Your response should consist of the entire listing, transcribed exactly, with every image left out.

*** EXERCISE DATA ***

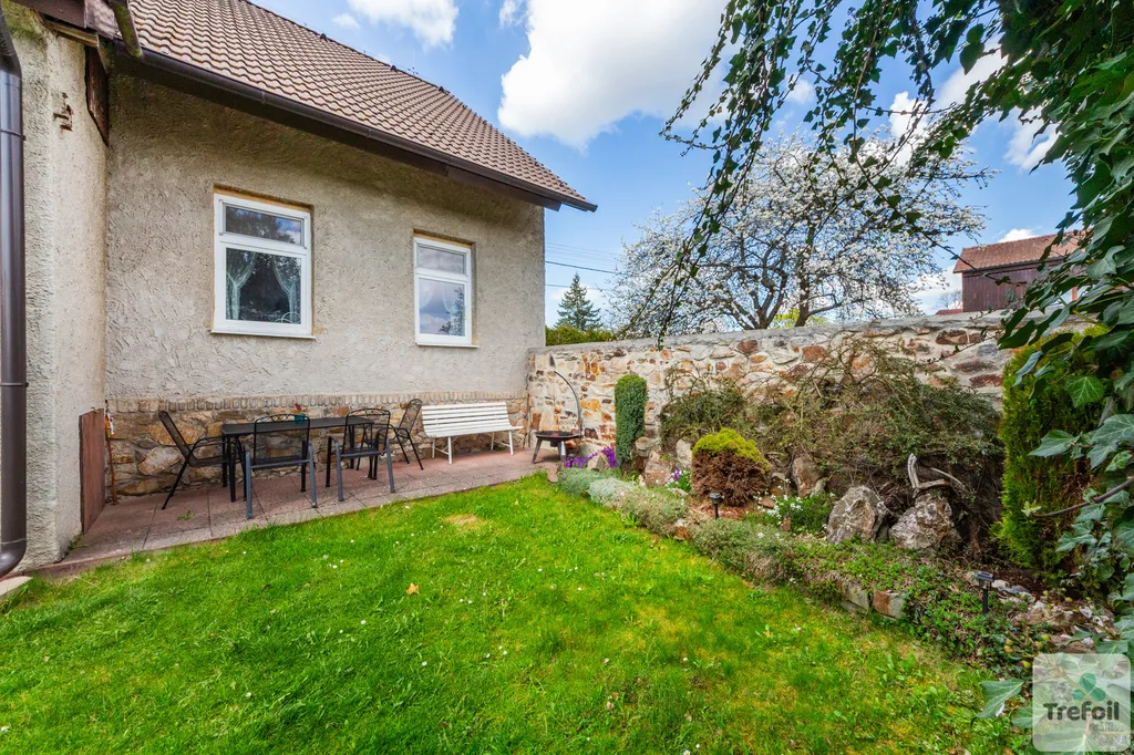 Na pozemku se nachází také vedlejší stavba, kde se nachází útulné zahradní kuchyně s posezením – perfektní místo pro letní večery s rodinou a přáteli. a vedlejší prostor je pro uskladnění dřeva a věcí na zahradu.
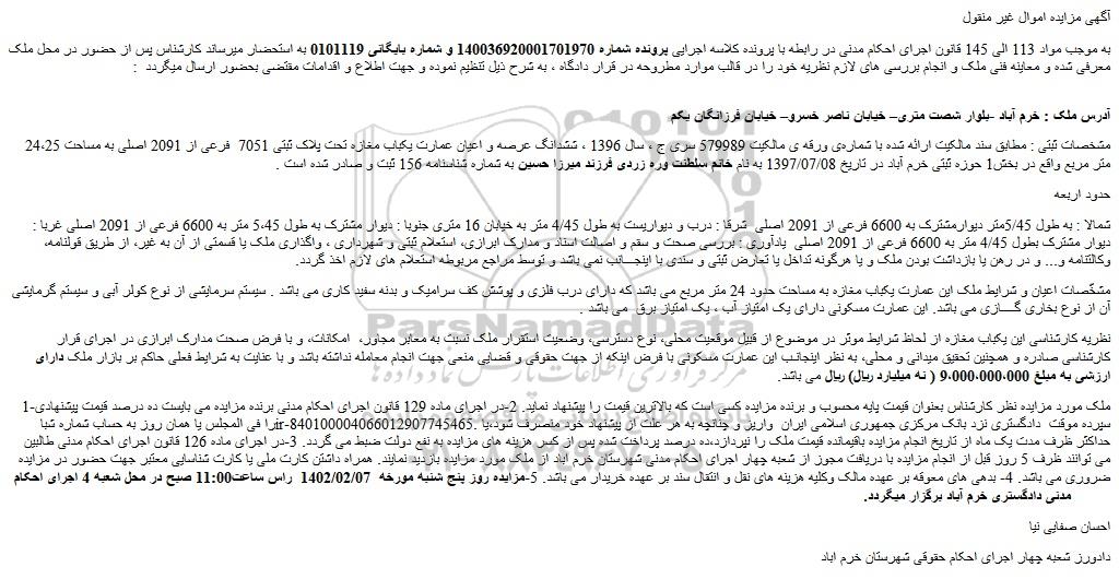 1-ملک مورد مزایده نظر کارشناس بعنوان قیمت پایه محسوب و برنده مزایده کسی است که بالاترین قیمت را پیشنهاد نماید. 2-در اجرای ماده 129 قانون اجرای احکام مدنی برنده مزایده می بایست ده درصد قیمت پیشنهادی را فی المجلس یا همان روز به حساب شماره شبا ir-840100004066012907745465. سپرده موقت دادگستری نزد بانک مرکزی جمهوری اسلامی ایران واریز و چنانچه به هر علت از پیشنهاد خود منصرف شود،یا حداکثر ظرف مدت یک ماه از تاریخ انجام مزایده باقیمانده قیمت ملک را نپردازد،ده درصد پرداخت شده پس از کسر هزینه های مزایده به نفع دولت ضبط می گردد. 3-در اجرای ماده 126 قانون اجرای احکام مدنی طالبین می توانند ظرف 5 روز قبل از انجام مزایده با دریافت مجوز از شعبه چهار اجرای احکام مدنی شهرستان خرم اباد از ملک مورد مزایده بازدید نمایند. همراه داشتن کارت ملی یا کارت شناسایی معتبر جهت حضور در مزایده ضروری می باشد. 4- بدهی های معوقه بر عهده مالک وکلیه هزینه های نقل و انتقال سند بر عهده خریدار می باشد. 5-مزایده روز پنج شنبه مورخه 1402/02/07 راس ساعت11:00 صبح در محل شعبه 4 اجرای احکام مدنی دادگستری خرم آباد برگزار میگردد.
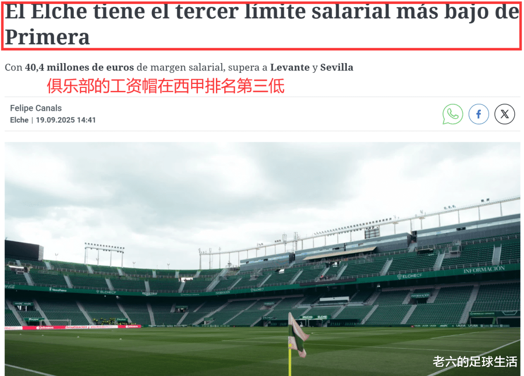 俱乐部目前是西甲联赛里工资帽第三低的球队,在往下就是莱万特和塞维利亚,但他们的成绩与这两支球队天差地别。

*** End of EXERCISE DATA ***

■ ANSWER SPACE:
 Na pozemku se nachází také vedlejší stavba, kde se nachází útulné zahradní kuchyně s posezením – perfektní místo pro letní večery s rodinou a přáteli. a vedlejší prostor je pro uskladnění dřeva a věcí na zahradu.
 1-ملک مورد مزایده نظر کارشناس بعنوان قیمت پایه محسوب و برنده مزایده کسی است که بالاترین قیمت را پیشنهاد نماید. 2-در اجرای ماده 129 قانون اجرای احکام مدنی برنده مزایده می بایست ده درصد قیمت پیشنهادی را فی المجلس یا همان روز به حساب شماره شبا ir-840100004066012907745465. سپرده موقت دادگستری نزد بانک مرکزی جمهوری اسلامی ایران واریز و چنانچه به هر علت از پیشنهاد خود منصرف شود،یا حداکثر ظرف مدت یک ماه از تاریخ انجام مزایده باقیمانده قیمت ملک را نپردازد،ده درصد پرداخت شده پس از کسر هزینه های مزایده به نفع دولت ضبط می گردد. 3-در اجرای ماده 126 قانون اجرای احکام مدنی طالبین می توانند ظرف 5 روز قبل از انجام مزایده با دریافت مجوز از شعبه چهار اجرای احکام مدنی شهرستان خرم اباد از ملک مورد مزایده بازدید نمایند. همراه داشتن کارت ملی یا کارت شناسایی معتبر جهت حضور در مزایده ضروری می باشد. 4- بدهی های معوقه بر عهده مالک وکلیه هزینه های نقل و انتقال سند بر عهده خریدار می باشد. 5-مزایده روز پنج شنبه مورخه 1402/02/07 راس ساعت11:00 صبح در محل شعبه 4 اجرای احکام مدنی دادگستری خرم آباد برگزار میگردد.
 俱乐部目前是西甲联赛里工资帽第三低的球队,在往下就是莱万特和塞维利亚,但他们的成绩与这两支球队天差地别。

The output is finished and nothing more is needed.